Saved data entries:

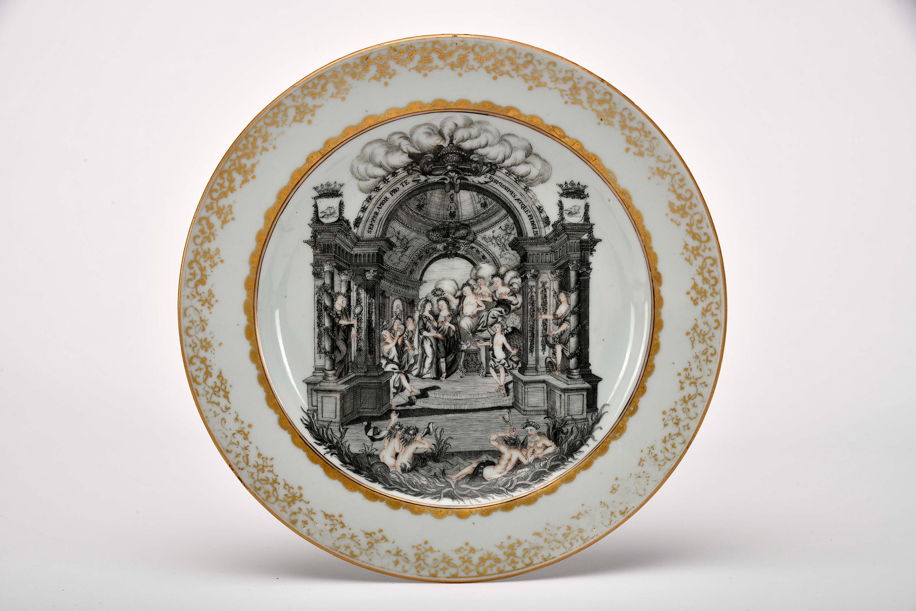 Prato porcelana Chinesa de exportação decoração a grisaille, sépia e dourado "Casamento abençoado por Juno" reinado Qianlong (1736-1795) ligeiro desgaste no dourado Dimensões (altura x comprimento x largura) - 22,7 cm Notas: vd. HERVOUËT, François et Nicole; BRUNEAU, Yves - "La Porcelaine des Compagnies des Indes à Décor Occidental". Paris: Flammarion, 1986, p. 316, fig. 13.87.
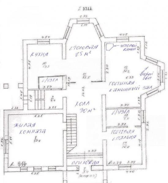 1-ый этаж: прихожая, холл 30 кв.м, кухня 19 кв.м, столовая 25 кв.м, с/узел, жилая комната 37 кв.м, каминный зал 36 кв.м со вторым светом, гостевая спальня 17 кв.м с с/узлом 8 кв.м
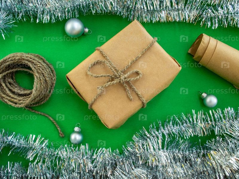 Упаковка рождественского подарка. Подарок из крафт-бумаги, шпагата, бумаги, мишуры и новогодних шаров на зеленом фоне
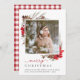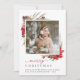 Share holiday greetings with these rustic chic Christmas photo cards featuring your favourite square photo surrounded by a thin white border with painted watercolor branches, boughs, red flowers and pine cones peeking out at the corners. "Merry Christmas" appears beneath in an elegant mix of block and script lettering. Personalise with your custom holiday greeting, name(s) and the year along the bottom. Cards reverse to a rustic buffalo check plaid pattern in matching holiday red and white.
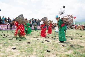 當(dāng)然,后來那達(dá)慕增加了許多新項(xiàng)目,比如賽駱駝、提水、縫蒙古袍扣子、撿牛糞、打斷牛骨比賽、蒙古象棋比賽、沙嘎(羊拐)比賽等。在北京舉辦的那達(dá)慕里,還融入了現(xiàn)代三大球類比賽項(xiàng)目,為了集體參與,增加了拔河比賽、扔沙包、服飾比賽、兒童說蒙古語比賽、兒童唱歌比賽等。
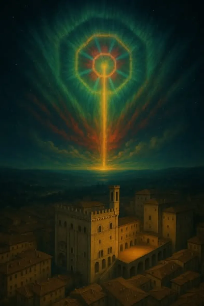 A Gubbio, secondo i documenti, la luce sembrava provenire dalla direzione di Firenze, disegnando nel cielo una traiettoria luminosa che colpì profondamente l’immaginario collettivo.
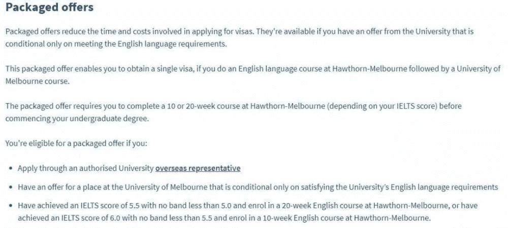 墨大开设了20周的语言班,packaged offer也放宽了最低雅思要求,现在只需要达到总分5.5,小分5就可以录取。
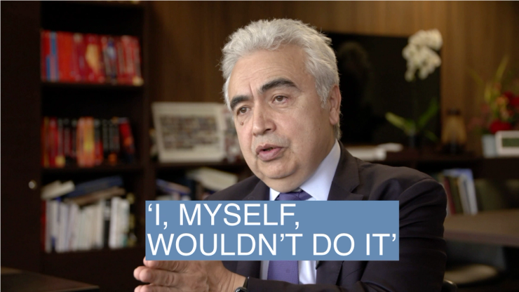 “I, myself, wouldn’t do it,” Fatih Birol said of whether he would invest his own personal pension in fossil fuel firms.
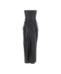 Midi dress Black Off-shoulder Sleeveless Ruched waist Front single slit Leather Regular fit Composition: 100% Lamb Leather Made in: Romania Color: Black Model number: 250WCW00215LBT128AA100

**Exercise prompt:** Copy the final stretch of lines, starting at the one that holds "fossil fuel firms." and ending at the last line of the data, exactly; omit pictures.

**Response to this task:**
 “I, myself, wouldn’t do it,” Fatih Birol said of whether he would invest his own personal pension in fossil fuel firms.
 Midi dress Black Off-shoulder Sleeveless Ruched waist Front single slit Leather Regular fit Composition: 100% Lamb Leather Made in: Romania Color: Black Model number: 250WCW00215LBT128AA100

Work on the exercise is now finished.